* DATA BELOW
• • • • •

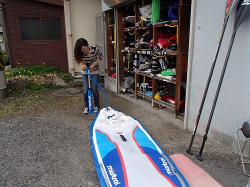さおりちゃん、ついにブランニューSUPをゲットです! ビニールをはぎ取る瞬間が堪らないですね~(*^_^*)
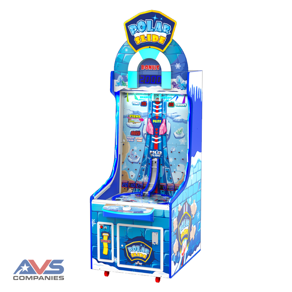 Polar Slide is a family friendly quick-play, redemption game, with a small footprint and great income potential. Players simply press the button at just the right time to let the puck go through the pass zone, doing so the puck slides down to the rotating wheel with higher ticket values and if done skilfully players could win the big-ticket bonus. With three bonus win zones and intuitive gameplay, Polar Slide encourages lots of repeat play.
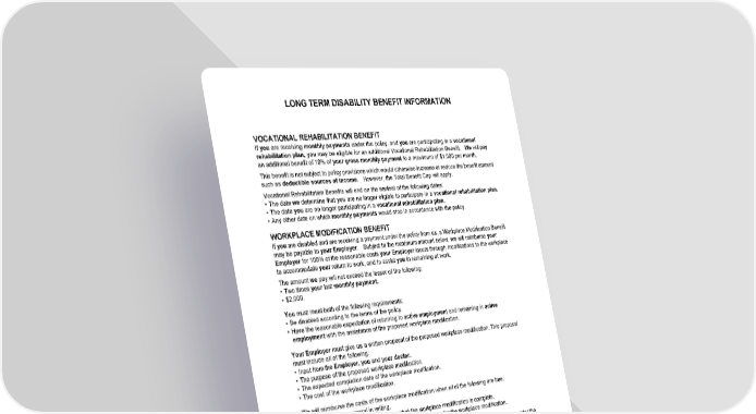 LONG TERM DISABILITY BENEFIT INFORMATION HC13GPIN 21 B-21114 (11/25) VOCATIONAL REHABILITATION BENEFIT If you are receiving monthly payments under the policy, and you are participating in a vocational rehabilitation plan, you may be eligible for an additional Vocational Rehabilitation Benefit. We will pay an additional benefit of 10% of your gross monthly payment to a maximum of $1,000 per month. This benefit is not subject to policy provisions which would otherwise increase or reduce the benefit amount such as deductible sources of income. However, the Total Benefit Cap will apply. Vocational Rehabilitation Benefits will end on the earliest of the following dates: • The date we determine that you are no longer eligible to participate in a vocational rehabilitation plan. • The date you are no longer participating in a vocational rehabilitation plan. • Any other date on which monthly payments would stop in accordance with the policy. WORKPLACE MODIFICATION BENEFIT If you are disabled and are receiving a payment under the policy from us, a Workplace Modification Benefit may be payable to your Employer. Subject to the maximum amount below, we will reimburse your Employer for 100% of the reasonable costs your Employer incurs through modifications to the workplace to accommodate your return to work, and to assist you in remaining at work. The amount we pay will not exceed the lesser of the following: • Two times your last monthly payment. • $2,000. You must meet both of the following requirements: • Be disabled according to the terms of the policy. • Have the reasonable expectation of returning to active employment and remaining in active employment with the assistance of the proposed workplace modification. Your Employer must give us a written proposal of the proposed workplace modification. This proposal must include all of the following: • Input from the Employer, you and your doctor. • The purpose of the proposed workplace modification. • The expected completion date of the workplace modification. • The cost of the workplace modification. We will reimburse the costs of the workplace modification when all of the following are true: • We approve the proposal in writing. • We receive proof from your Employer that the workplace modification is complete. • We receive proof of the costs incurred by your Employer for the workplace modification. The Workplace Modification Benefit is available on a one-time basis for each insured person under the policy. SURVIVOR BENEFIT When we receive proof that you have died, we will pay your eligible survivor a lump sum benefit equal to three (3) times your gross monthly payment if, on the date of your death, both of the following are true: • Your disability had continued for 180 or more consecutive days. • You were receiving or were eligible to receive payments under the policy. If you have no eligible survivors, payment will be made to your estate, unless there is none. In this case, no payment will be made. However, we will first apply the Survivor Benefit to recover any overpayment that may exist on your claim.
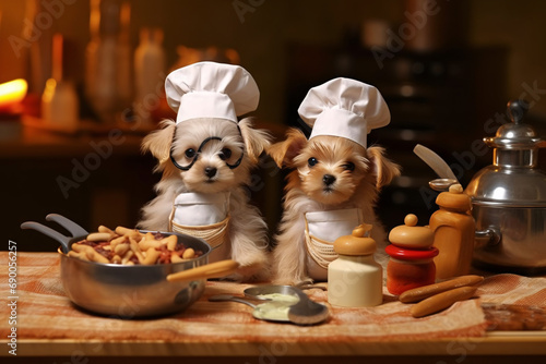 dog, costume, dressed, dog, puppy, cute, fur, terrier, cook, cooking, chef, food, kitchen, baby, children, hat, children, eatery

• • • • •

Would you return the data above exactly as written, minus the images?

* EXPECTED OUTPUT
さおりちゃん、ついにブランニューSUPをゲットです! ビニールをはぎ取る瞬間が堪らないですね~(*^_^*)
 Polar Slide is a family friendly quick-play, redemption game, with a small footprint and great income potential. Players simply press the button at just the right time to let the puck go through the pass zone, doing so the puck slides down to the rotating wheel with higher ticket values and if done skilfully players could win the big-ticket bonus. With three bonus win zones and intuitive gameplay, Polar Slide encourages lots of repeat play.
 LONG TERM DISABILITY BENEFIT INFORMATION HC13GPIN 21 B-21114 (11/25) VOCATIONAL REHABILITATION BENEFIT If you are receiving monthly payments under the policy, and you are participating in a vocational rehabilitation plan, you may be eligible for an additional Vocational Rehabilitation Benefit. We will pay an additional benefit of 10% of your gross monthly payment to a maximum of $1,000 per month. This benefit is not subject to policy provisions which would otherwise increase or reduce the benefit amount such as deductible sources of income. However, the Total Benefit Cap will apply. Vocational Rehabilitation Benefits will end on the earliest of the following dates: • The date we determine that you are no longer eligible to participate in a vocational rehabilitation plan. • The date you are no longer participating in a vocational rehabilitation plan. • Any other date on which monthly payments would stop in accordance with the policy. WORKPLACE MODIFICATION BENEFIT If you are disabled and are receiving a payment under the policy from us, a Workplace Modification Benefit may be payable to your Employer. Subject to the maximum amount below, we will reimburse your Employer for 100% of the reasonable costs your Employer incurs through modifications to the workplace to accommodate your return to work, and to assist you in remaining at work. The amount we pay will not exceed the lesser of the following: • Two times your last monthly payment. • $2,000. You must meet both of the following requirements: • Be disabled according to the terms of the policy. • Have the reasonable expectation of returning to active employment and remaining in active employment with the assistance of the proposed workplace modification. Your Employer must give us a written proposal of the proposed workplace modification. This proposal must include all of the following: • Input from the Employer, you and your doctor. • The purpose of the proposed workplace modification. • The expected completion date of the workplace modification. • The cost of the workplace modification. We will reimburse the costs of the workplace modification when all of the following are true: • We approve the proposal in writing. • We receive proof from your Employer that the workplace modification is complete. • We receive proof of the costs incurred by your Employer for the workplace modification. The Workplace Modification Benefit is available on a one-time basis for each insured person under the policy. SURVIVOR BENEFIT When we receive proof that you have died, we will pay your eligible survivor a lump sum benefit equal to three (3) times your gross monthly payment if, on the date of your death, both of the following are true: • Your disability had continued for 180 or more consecutive days. • You were receiving or were eligible to receive payments under the policy. If you have no eligible survivors, payment will be made to your estate, unless there is none. In this case, no payment will be made. However, we will first apply the Survivor Benefit to recover any overpayment that may exist on your claim.
 dog, costume, dressed, dog, puppy, cute, fur, terrier, cook, cooking, chef, food, kitchen, baby, children, hat, children, eatery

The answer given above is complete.